The intention of this analysis is to validate that there exists no sequence of replicates
(for all possible combination of replicates) that results in a non-significant pattern,
when the initial pattern with combined replicates was shown to be significant.
A small Example:
Assume PhyloExpressionSet stores 3 developmental stages with 3 replicates measured for each stage.
The 9 replicates in total are denoted as: 1.1, 1.2, 1.3, 2.1, 2.2, 2.3, 3.1, 3.2, 3.3. Now the function computes the
statistical significance of each pattern derived by the corresponding combination of replicates, e.g.
1.1, 2.1, 3.1 -> p-value for combination 1
1.1, 2.2, 3.1 -> p-value for combination 2
1.1, 2.3, 3.1 -> p-value for combination 3
1.2, 2.1, 3.1 -> p-value for combination 4
1.2, 2.1, 3.1 -> p-value for combination 5
1.2, 2.1, 3.1 -> p-value for combination 6
1.3, 2.1, 3.1 -> p-value for combination 7
1.3, 2.2, 3.1 -> p-value for combination 8
1.3, 2.3, 3.1 -> p-value for combination 9
This procedure yields 27 p-values for the \(3^3\) (\(n_stages^n_replicates\)) replicate combinations.
Note, that in case you have a large amount of stages/experiments and a large amount of replicates
the computation time will increase by \(n_stages^n_replicates\).
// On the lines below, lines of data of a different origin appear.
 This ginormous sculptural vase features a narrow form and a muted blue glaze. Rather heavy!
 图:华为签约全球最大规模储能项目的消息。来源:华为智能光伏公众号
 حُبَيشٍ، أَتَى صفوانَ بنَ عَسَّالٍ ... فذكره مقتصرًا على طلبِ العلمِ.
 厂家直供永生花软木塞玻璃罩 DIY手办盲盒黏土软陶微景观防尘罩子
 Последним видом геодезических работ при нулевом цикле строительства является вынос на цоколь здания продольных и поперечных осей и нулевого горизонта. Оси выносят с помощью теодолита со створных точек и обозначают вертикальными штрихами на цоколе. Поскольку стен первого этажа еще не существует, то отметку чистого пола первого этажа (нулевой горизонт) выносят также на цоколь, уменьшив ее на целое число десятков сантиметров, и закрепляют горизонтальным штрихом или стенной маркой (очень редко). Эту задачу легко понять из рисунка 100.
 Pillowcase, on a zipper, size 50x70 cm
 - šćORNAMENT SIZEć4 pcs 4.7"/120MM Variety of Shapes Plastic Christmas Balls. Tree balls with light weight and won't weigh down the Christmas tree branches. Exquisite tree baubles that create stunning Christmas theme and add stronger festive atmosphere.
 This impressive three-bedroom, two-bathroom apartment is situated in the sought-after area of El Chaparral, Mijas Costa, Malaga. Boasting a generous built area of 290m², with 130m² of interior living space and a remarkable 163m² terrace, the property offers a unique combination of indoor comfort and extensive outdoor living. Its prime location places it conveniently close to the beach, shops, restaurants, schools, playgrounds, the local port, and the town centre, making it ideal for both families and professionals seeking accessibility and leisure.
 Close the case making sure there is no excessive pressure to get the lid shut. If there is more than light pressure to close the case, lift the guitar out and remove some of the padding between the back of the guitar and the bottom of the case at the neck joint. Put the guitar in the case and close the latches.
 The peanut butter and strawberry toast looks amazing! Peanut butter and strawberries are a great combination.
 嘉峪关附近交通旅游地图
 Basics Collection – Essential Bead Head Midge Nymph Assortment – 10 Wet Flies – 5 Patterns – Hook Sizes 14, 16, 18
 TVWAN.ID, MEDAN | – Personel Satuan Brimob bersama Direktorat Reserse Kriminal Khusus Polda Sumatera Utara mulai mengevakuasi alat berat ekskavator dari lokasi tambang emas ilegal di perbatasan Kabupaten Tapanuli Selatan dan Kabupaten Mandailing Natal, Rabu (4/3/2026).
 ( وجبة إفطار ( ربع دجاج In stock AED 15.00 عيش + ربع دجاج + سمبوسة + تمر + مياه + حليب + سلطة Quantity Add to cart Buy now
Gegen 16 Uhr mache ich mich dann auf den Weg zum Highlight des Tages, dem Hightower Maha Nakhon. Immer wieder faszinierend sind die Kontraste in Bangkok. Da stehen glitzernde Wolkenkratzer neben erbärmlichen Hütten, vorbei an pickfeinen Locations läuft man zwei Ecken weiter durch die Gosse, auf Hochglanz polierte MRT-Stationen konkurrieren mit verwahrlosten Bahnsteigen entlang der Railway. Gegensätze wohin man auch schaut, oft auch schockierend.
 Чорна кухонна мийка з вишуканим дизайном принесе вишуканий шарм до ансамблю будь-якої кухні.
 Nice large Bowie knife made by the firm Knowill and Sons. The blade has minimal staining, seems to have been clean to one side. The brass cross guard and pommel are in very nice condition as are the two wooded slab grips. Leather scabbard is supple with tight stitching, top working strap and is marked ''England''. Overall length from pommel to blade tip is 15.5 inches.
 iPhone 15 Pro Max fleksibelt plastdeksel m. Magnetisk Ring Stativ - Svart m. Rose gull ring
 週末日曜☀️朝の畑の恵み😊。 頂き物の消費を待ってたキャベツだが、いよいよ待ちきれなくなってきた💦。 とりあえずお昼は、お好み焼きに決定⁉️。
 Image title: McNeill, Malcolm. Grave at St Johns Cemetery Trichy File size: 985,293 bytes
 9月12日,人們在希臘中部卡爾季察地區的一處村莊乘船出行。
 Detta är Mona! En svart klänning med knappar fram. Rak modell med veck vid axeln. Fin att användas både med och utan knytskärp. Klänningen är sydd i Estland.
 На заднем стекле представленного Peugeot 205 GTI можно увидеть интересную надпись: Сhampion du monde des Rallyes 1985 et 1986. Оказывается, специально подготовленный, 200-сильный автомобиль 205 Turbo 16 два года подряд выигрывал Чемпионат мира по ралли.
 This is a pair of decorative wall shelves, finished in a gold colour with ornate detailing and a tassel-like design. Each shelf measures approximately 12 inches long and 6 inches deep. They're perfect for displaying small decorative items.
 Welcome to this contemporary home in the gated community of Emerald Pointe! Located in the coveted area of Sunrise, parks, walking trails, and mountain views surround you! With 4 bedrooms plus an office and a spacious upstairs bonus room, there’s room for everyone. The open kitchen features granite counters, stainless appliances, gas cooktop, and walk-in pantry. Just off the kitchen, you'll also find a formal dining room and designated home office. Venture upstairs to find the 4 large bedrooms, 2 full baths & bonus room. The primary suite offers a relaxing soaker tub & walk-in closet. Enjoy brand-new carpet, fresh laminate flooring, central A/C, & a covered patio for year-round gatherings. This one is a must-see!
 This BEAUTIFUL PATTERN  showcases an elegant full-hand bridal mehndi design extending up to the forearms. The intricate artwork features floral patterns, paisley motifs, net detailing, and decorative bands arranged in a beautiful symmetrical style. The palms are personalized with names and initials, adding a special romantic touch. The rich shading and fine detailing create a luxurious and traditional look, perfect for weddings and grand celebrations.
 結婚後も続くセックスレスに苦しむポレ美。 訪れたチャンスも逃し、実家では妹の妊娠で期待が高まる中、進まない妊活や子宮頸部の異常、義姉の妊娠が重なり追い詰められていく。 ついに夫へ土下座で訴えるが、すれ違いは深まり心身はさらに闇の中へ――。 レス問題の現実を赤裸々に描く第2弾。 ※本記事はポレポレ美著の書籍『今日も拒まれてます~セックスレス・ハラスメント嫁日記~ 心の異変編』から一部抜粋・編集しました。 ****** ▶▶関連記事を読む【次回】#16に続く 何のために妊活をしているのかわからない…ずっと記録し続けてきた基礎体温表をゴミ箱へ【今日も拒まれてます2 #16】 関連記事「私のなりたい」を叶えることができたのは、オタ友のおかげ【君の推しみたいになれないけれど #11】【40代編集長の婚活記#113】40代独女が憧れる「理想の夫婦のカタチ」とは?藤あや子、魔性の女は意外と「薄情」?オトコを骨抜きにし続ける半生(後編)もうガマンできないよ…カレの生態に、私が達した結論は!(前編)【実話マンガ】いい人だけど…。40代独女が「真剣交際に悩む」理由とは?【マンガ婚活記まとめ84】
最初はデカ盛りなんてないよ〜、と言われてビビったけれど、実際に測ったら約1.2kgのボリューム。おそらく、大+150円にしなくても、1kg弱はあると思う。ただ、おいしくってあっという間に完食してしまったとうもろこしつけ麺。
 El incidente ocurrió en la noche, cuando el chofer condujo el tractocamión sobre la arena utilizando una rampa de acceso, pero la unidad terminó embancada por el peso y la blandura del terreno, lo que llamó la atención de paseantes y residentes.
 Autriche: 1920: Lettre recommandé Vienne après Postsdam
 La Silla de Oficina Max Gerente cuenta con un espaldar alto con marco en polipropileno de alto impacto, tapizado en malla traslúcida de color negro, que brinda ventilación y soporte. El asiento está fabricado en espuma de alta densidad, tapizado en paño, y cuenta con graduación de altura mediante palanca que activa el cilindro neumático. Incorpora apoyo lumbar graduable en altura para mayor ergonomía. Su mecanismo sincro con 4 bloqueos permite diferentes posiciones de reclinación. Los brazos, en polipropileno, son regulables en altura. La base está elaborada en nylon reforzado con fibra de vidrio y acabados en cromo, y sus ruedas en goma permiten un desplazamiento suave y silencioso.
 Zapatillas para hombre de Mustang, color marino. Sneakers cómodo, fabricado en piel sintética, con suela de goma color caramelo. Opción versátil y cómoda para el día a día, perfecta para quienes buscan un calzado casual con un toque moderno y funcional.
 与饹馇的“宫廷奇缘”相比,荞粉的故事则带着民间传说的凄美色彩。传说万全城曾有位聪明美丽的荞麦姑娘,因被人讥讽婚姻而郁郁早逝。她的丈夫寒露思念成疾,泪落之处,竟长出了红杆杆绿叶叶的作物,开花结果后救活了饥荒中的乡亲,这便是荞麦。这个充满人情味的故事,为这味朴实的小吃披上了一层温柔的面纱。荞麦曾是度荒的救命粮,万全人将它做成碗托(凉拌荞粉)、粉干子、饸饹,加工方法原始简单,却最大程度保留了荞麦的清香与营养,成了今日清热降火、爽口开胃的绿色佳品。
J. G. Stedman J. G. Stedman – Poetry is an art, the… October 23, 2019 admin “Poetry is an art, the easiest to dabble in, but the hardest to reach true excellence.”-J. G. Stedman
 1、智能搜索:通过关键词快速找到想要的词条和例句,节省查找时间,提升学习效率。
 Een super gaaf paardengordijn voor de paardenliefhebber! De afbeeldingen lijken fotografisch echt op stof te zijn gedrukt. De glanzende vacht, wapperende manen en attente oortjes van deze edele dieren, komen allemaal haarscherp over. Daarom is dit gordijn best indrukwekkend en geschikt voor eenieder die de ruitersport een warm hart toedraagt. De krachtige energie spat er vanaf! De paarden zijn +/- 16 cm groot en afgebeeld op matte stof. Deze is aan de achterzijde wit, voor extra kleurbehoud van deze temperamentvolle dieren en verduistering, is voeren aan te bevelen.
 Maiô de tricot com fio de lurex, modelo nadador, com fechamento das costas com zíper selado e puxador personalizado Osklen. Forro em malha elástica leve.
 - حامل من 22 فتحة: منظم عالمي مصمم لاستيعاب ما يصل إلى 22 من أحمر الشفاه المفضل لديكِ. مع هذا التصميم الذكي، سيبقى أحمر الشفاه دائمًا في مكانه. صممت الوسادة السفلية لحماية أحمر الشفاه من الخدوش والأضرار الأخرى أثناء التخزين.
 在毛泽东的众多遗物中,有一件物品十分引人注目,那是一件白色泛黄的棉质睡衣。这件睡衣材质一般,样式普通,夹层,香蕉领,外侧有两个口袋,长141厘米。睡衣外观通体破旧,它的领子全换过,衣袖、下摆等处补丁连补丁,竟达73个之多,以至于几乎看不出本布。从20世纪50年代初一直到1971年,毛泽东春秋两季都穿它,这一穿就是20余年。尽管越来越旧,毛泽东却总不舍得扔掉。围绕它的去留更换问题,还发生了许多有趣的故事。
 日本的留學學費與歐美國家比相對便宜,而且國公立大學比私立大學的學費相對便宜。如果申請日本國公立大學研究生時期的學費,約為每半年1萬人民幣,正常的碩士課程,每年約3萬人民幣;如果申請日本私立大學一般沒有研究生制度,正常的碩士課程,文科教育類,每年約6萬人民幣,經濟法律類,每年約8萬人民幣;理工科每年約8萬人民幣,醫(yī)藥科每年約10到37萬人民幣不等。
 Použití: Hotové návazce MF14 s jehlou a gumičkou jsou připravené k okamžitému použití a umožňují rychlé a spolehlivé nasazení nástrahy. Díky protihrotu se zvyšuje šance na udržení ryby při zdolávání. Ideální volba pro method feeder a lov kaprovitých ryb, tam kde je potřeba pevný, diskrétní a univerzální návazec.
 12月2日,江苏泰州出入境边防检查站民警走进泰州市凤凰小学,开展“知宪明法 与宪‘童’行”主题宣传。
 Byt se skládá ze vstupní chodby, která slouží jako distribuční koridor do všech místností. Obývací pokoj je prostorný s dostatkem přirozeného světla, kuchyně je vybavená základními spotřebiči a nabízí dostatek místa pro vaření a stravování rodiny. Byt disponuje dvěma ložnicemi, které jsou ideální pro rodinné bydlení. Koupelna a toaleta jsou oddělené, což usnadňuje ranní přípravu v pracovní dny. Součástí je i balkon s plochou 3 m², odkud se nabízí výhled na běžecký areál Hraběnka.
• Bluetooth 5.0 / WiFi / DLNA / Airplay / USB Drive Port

For 11 stages and 4 replicates, 4^11 = 4194304 p-values have to be computed.
Each p-value computation itself is based on a permutation test running with 1000 or more permutations. Be aware that this might take some time.
The p-value vector returned by this function can then be used to plot the p-values to see
whether an critical value \(\alpha\) is exeeded or not (e.g. \(\alpha = 0.05\)).
The function receives a standard PhyloExpressionSet or DivergenceExpressionSet object and a vector storing the number of replicates present in each stage or experiment. Based on these arguments the function computes all possible replicate combinations using the expand.grid function and performs a permutation test (either a FlatLineTest for each replicate combination. The permutation parameter of this function specifies the number of permutations that shall be performed for each permutation test. When all p-values are computed, a numeric vector storing the corresponding p-values for each replicate combination is returned.
In other words, for each replicate combination present in the PhyloExpressionSet or DivergenceExpressionSet object, the TAI or TDI pattern of the corresponding replicate combination is tested for its statistical significance based on the underlying test statistic.
This function is also able to perform all computations in parallel using multicore processing. The underlying statistical tests are written in C++ and optimized for fast computations.